• Task statement: The lines below, from the one holding "这是深中通道西人工岛,形似巨大的风筝(11月27日摄,无人机照片)。" through the one holding "of Rs. 60. |", are to be restated word for word, with all images left out.

• Input data:
__________________________________________________

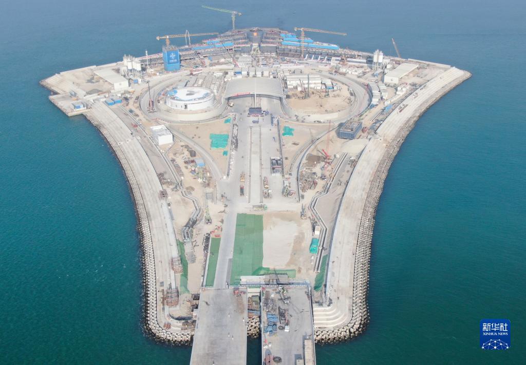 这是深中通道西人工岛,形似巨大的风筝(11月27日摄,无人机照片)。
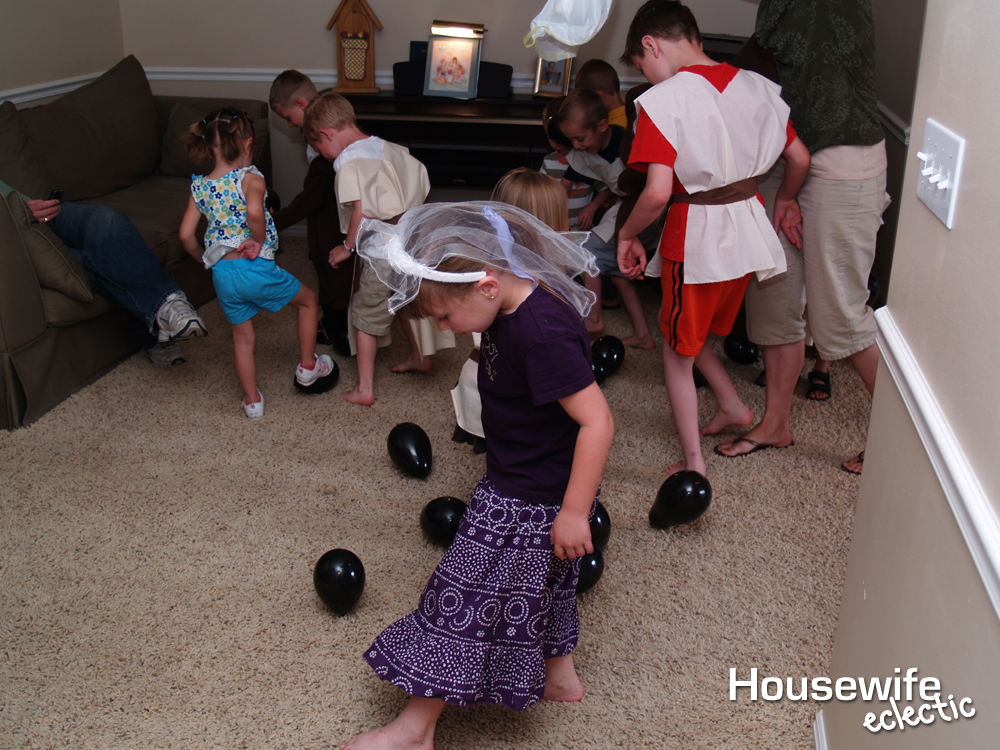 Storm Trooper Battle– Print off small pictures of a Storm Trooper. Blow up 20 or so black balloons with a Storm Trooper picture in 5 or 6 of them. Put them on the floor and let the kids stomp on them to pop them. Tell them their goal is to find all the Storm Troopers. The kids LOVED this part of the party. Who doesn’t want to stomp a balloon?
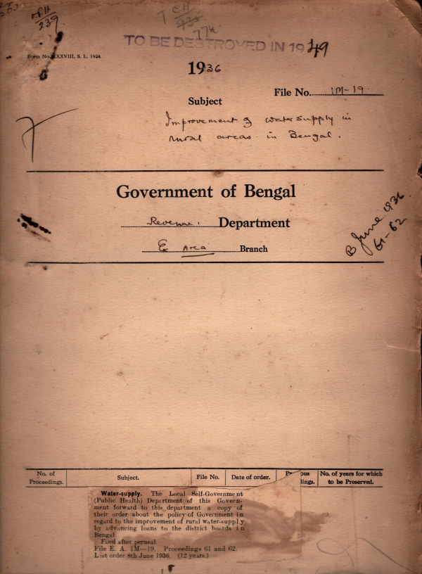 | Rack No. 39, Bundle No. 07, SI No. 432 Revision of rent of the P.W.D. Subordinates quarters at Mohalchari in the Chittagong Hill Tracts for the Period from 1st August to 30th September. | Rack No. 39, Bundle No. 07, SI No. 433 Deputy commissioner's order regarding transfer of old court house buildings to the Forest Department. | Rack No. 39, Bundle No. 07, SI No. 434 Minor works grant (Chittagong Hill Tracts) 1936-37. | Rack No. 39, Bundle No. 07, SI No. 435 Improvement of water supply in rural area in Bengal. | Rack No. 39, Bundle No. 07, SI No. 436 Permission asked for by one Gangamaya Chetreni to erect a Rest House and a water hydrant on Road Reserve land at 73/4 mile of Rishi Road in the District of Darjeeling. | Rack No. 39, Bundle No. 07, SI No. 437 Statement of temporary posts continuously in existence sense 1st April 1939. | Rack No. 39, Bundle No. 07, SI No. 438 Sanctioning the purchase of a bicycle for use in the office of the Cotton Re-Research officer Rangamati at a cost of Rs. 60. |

__________________________________________________

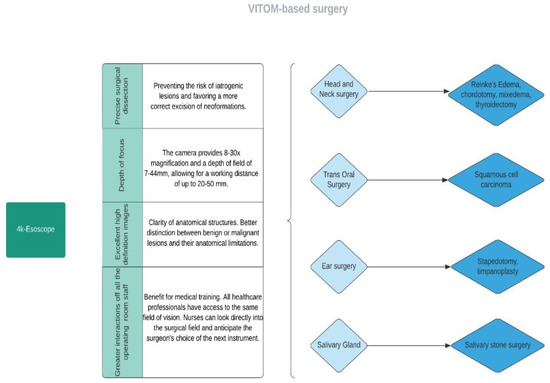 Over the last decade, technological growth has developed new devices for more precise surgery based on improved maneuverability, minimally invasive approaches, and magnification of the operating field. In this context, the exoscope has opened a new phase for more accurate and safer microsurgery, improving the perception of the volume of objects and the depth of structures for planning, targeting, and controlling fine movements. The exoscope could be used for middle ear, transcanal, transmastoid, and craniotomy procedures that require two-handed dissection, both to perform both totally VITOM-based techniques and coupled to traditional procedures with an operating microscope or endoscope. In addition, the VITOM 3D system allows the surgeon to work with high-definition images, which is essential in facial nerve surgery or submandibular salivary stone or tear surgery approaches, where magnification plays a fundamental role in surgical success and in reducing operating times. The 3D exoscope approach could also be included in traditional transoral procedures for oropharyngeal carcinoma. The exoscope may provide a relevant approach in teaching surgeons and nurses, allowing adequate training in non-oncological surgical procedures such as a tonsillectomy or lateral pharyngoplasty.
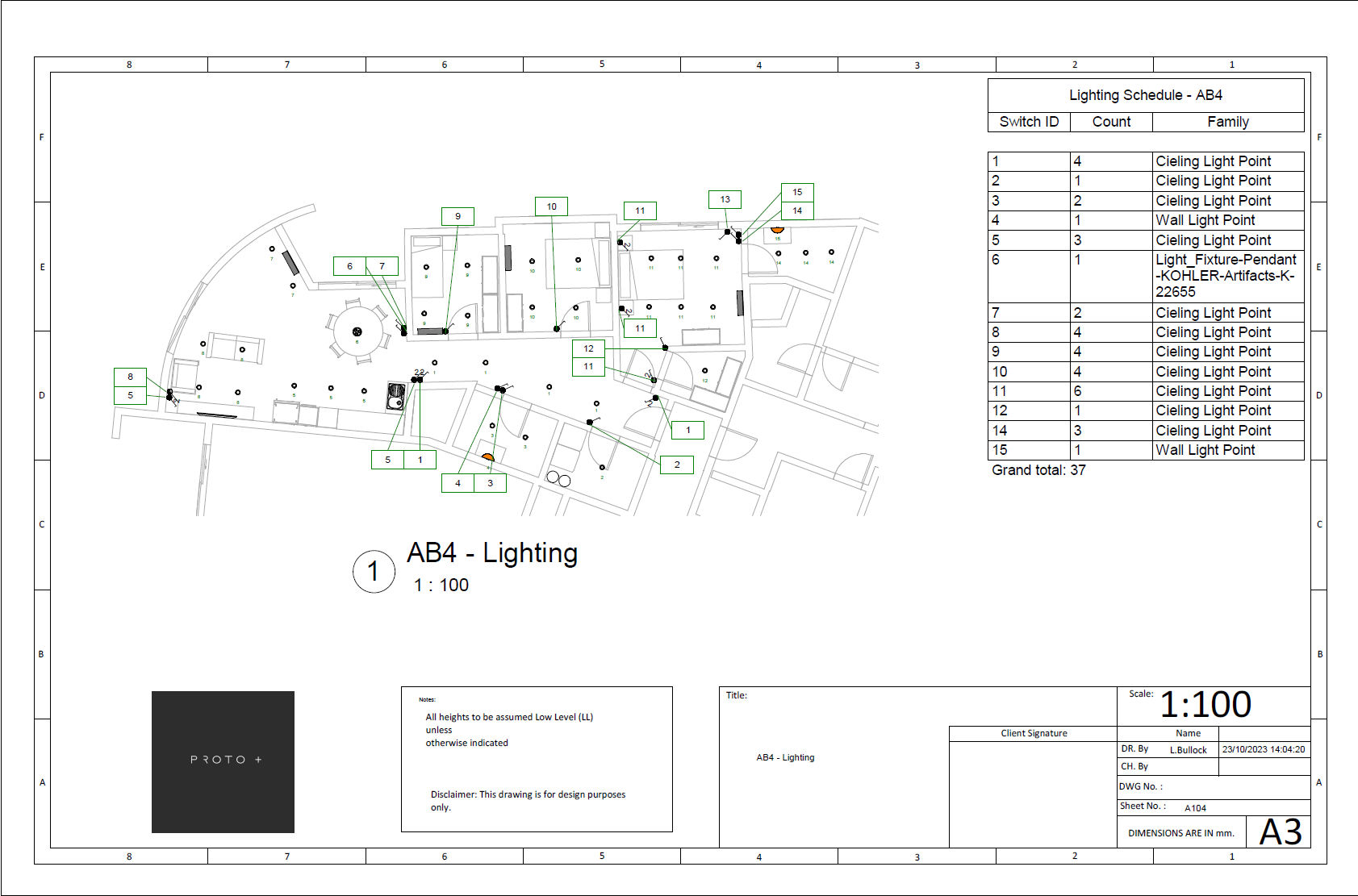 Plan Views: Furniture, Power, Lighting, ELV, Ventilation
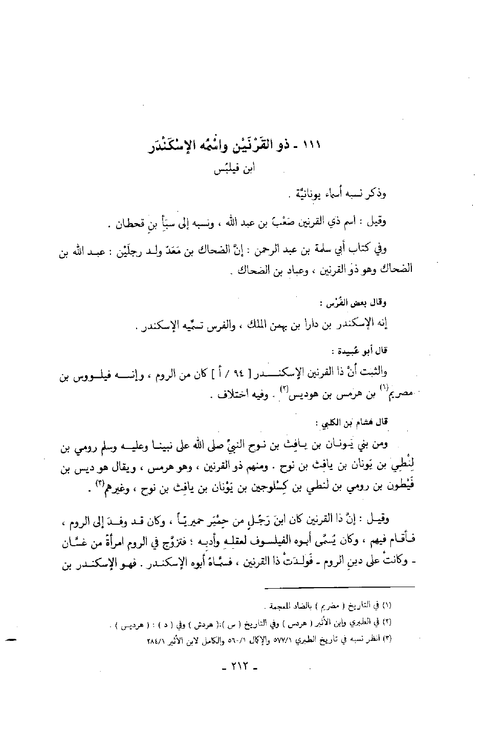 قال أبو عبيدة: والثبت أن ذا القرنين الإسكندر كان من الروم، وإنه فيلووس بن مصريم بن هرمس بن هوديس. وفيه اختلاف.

__________________________________________________

• Response below:
 这是深中通道西人工岛,形似巨大的风筝(11月27日摄,无人机照片)。
 Storm Trooper Battle– Print off small pictures of a Storm Trooper. Blow up 20 or so black balloons with a Storm Trooper picture in 5 or 6 of them. Put them on the floor and let the kids stomp on them to pop them. Tell them their goal is to find all the Storm Troopers. The kids LOVED this part of the party. Who doesn’t want to stomp a balloon?
 | Rack No. 39, Bundle No. 07, SI No. 432 Revision of rent of the P.W.D. Subordinates quarters at Mohalchari in the Chittagong Hill Tracts for the Period from 1st August to 30th September. | Rack No. 39, Bundle No. 07, SI No. 433 Deputy commissioner's order regarding transfer of old court house buildings to the Forest Department. | Rack No. 39, Bundle No. 07, SI No. 434 Minor works grant (Chittagong Hill Tracts) 1936-37. | Rack No. 39, Bundle No. 07, SI No. 435 Improvement of water supply in rural area in Bengal. | Rack No. 39, Bundle No. 07, SI No. 436 Permission asked for by one Gangamaya Chetreni to erect a Rest House and a water hydrant on Road Reserve land at 73/4 mile of Rishi Road in the District of Darjeeling. | Rack No. 39, Bundle No. 07, SI No. 437 Statement of temporary posts continuously in existence sense 1st April 1939. | Rack No. 39, Bundle No. 07, SI No. 438 Sanctioning the purchase of a bicycle for use in the office of the Cotton Re-Research officer Rangamati at a cost of Rs. 60. |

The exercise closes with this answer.